Стильная жизнь - Анна Берсенева 13 стр.


– Да, – слышала Аля. – Только с тамариндовым соусом, пожалуйста. Не вегетарианское, но рыбу запеченную – хорошо. Нет, пить свое будем.

Через пять минут трубка уже лежала на полу у кровати, а Илья завязывал на Але пояс длинного мягкого халата – на этот раз светло-бежевого, который вчера надевал сам. Она чувствовала, что, раздевая ее, он сейчас не загорается тем огнем, который испепелял вчера их обоих. Но это не казалось ей равнодушием.

Сейчас ей хотелось одного: чтобы он был нежен с нею, нежен без желания, в минуты ее слабости и усталости. И он был таким, какого она ждала.

– Сейчас, милая, сейчас принесут нам с тобой ужин, ты поешь, снова станешь веселая, – приговаривал Илья.

– Но я… – начала было Аля.

– Потом, потом расскажешь. – Он прижал ладонь к ее губам. – Сытый голодного не разумеет, знаешь? А я все-таки довольно сытый по сравнению с тобой. Хоть сегодня и закрутился, но на ходу что-то перехватил.

Аля не понимала, кому он звонил, откуда возьмется ужин, но ей это было безразлично. Время то замедлялось, то ускорялось в ее сознании, воспоминания о вчерашней ночи смешивались с тем, что происходило сейчас.

Она прилегла на тахту и, глядя на Илью, не могла понять: в комнате он или, может быть, вышел куда-то, а она вспоминает, как он вчера ходил по этой комнате и смотрел на нее, не отрываясь? Сегодня он надел черный халат, в котором вчера была она, и только по изменившемуся цвету она отличала грезы от яви.

Скоро ли раздался звонок в дверь – этого Аля уже не могла понять. Илья вышел в прихожую, поговорил с кем-то, открыв дверь на лестницу.

Потом он заглянул в комнату и весело сказал:

– Вот и ужин прибыл. Сейчас начнем пиршество!

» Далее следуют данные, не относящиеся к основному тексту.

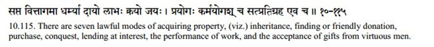 Manu Smriti 10.115. There are seven lawful modes of acquiring property, (viz.) inheritance, finding or friendly donation, purchase, conquest, lending at interest, the performance of work, and the acceptance of gifts from virtuous men. [6]
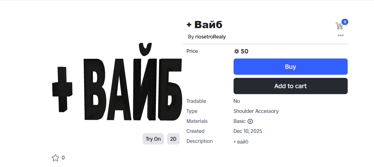 Купи мою UGC в Roblox! Каждая покупка помогает поддерживать сайт бесплатным и добавлять новые функции для всех пользователей.

Он придвинул к тахте низкий столик из золотистого дерева и весь его уставил тарелками с благоухающей разноцветной снедью. Из всего, что было на столе, Але приходилось видеть разве что хлеб. Да и тот был какой-то необычный – не хлеб, а большие горячие лепешки.

– Рыба запеченная у них отличная, – заметил Илья. – Они ее в йогурте вымачивают и такие приправы добавляют – не поймешь, что и ешь! Силы восстанавливает лучше кремлевских таблеток. И хлеб в настоящем тандуре пекут.

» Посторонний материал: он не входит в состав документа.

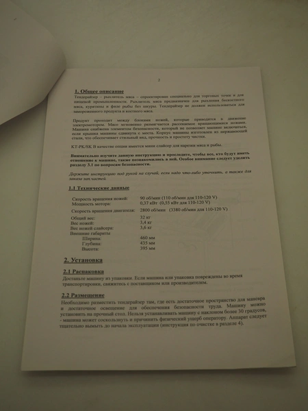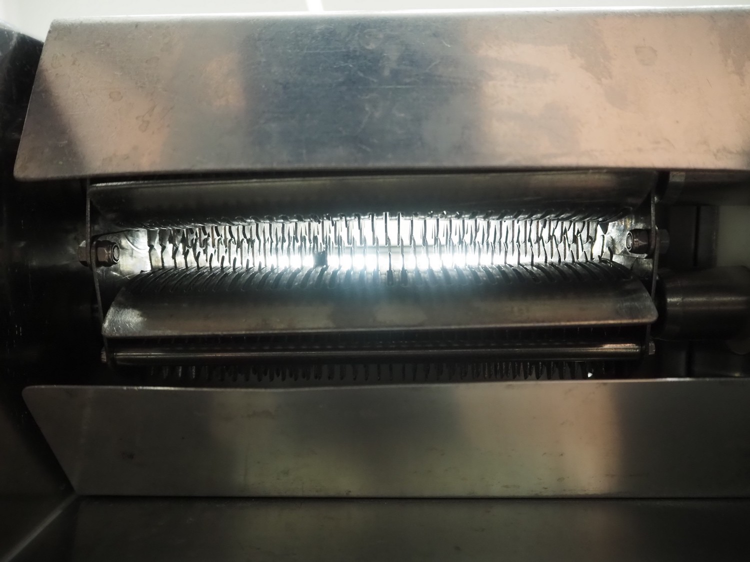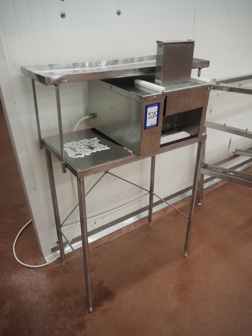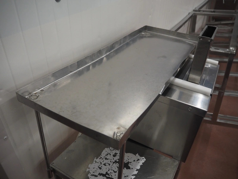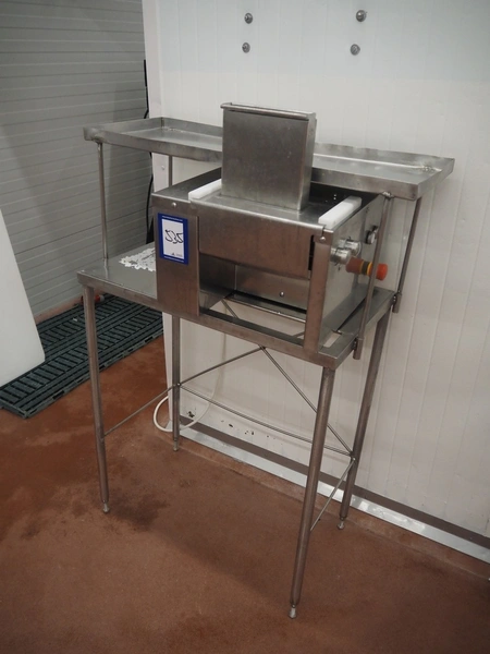 S/s table with Koneteollisuus OY tenderizer, type: KT-PK, clearance: 170 mm x 30 mm, total dimensions: 800 mm x 450 mm x 1300 mm.

– Откуда же все это принесли? – спросила Аля.

– Да тут индийский ресторан прямо на нашей улице, – сказал Илья. – Конечно, из любого кабака привезут все, что угодно, хоть вместе со столом и стулом. Но я для разнообразия индийское заказываю, когда из дому выползать неохота.

Он налил в Алин бокал красное вино, а для себя открыл бутылку пива с немецкой этикеткой.

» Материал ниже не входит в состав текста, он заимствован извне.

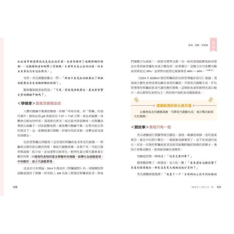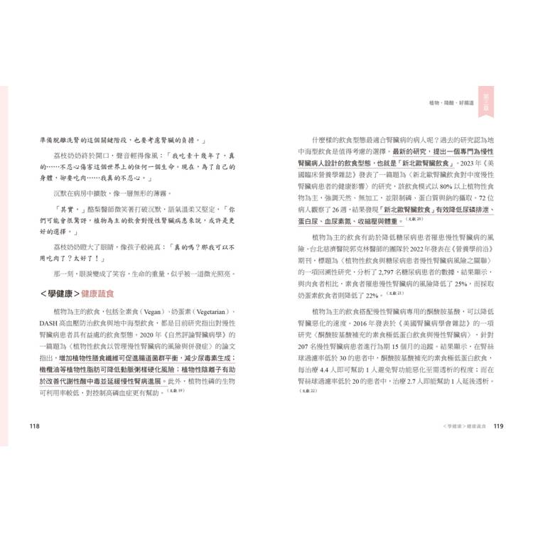 此書不只除了引用國際文獻指引,也參用台北慈濟醫院腎臟科多年來在蔬食與腎臟健康領域的研究發現,在此基礎上,王醫師更與台北慈濟醫院的營養科合作,設計出兼具美味與實用的食譜,帶給讀者健康蔬食的理念,把臨床經驗與專業知識,透過生動小說與具體可行的操作方法整理成書,讓病友與一般讀者能輕鬆理解,付諸實踐。

Аля ела медленно и сначала совершенно без аппетита – может быть, потому что желудок у нее ссохся за сутки. Но постепенно она почувствовала необычный вкус этих блюд – пряный, мятный, лимонный. Щеки у нее порозовели, а голова теперь слегка кружилась уже не от голода и усталости, а от терпкого вина.

– Ожила немножко. – Как и раньше, Илья не спрашивал, а просто отмечал Алино состояние. – Ну вот, теперь можно и поговорить. Так что же у тебя случилось?

Пока Аля рассказывала о том, что произошло с нею сегодня, Илья придвинул к себе большую коробку, стоящую на столике, достал длинную сигару, обрезал ее – на этот раз не ножичком, а с помощью какого-то маленького непонятного приспособления, закурил. Он делал все это неторопливо, со вкусом, хотя смотрел не на сигару, а на Алино взволнованное лицо.

– Да… – медленно произнес он, когда Аля остановилась, задохнувшись. – Славная история, вполне на уровне рядового сумасшествия!.. Не думаю, правда, чтобы Карталов очень удивился. Он такого в ГИТИСе навидался предостаточно.

– Но… как? – растерянно пробормотала Аля.

– Что – как? – пожал плечами Илья. – Ты не думай, я тебя не упрекаю и ругать, как нашкодившую первоклашку, не собираюсь. Я сам виноват, что с тобой нервный срыв случился, чего ж теперь ругать-то? Думать надо было о последствиях, а я голову потерял. Танец семи покрывал! – сердито произнес он.

– Но чем же ты виноват? – воскликнула Аля. – Я же тоже… Я же сама…

– Ну, понятно, не насиловал, – сказал он. – А все-таки надо было учитывать, кто ты и кто я. Есть разница в эмоциях! Да еще не накормил вчера, утром кофейком накачал… Чему удивляться! Ты туда, я так понимаю, в таком состоянии пришла – черти могли по углам мерещиться, не то что мистика всякая. Ладно, что ж теперь. – Он положил свою руку на Алину. – Теперь нам с тобой надо хорошо подумать. Может, это и к лучшему – то, что произошло. Я даже думаю, что наверняка к лучшему.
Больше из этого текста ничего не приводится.